— Oncle, s’il vous plaît… prenez ma sœur. Elle a très faim…
Cette prière discrète et désespérée, perçant le bruit de la rue, prit Igor Levshin au dépourvu. Il était pressé — non, il courait littéralement comme poursuivi par un ennemi invisible. Le temps pressait : des millions de dollars dépendaient d’une décision à prendre aujourd’hui lors de la réunion. Depuis la disparition de Rita — sa femme, sa lumière, son soutien —, le travail était devenu le seul sens qui lui restait dans la vie.
Mais cette voix…
Igor se retourna.
Devant lui se tenait un enfant d’environ sept ans.

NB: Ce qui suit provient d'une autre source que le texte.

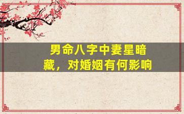 在八字命理学中,"妻星暗藏"通常指男命八字中代表配偶的十神(正财或偏财)没有直接出现在天干,而是藏在地支的藏干中。这种情况对婚姻的影响需结合具体命局综合分析,以下是一些可能的解读方向:
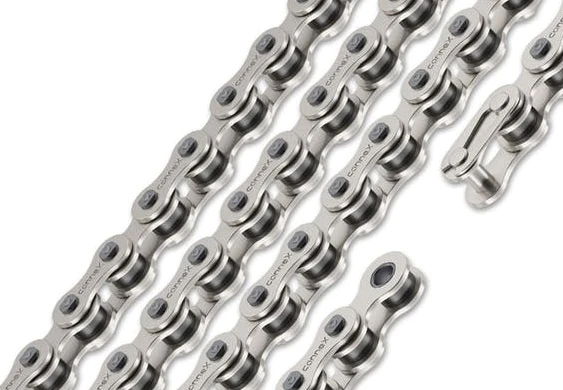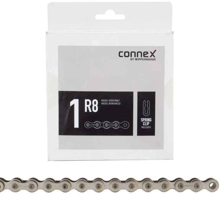 The Connex 1R8 Chain is a heavy duty chain perfect for most single speed applications. Features a high grad nickel coating to protect against corrosion.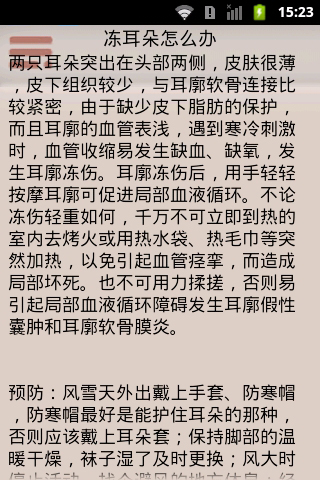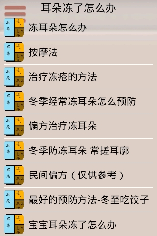 耳朵冻了怎么办?本应用内容包括冬天冻耳朵、女性冻耳朵、儿童冻耳朵、老人冻耳朵,原因、症状、预防、治疗、偏方、用药、问医生、快速治疗等我们整理了最全面的冻耳朵知识,最多的民间偏方,做最好的冻耳朵用药宝典助手,最实用的冻耳朵防治手册,2013这个冬天不再冻耳朵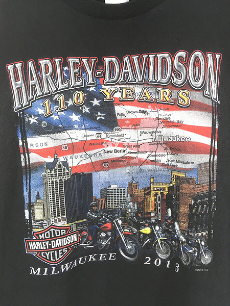 古着 10s HARLEY DAVIDSON 110th アニバーサリー バイク グラフィック 長袖 Tシャツ ロンT XL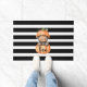 Halloween "Boo" Pumpkin Doormat. This is cute Halloween design in modern black- white stripes.

Maigre, ébouriffé, les yeux en larmes. Dans ses bras, il tenait un petit paquet d’où dépassait le visage d’un bébé. La fillette, enveloppée dans une vieille couverture usée, gémissait faiblement, et le garçon la serrait contre lui comme s’il était sa seule protection dans ce monde indifférent.
Igor hésita. Il savait qu’il ne pouvait pas perdre de temps, il devait partir. Mais quelque chose dans le regard de l’enfant, ou dans ce simple « s’il vous plaît », toucha une partie profondément cachée de son âme.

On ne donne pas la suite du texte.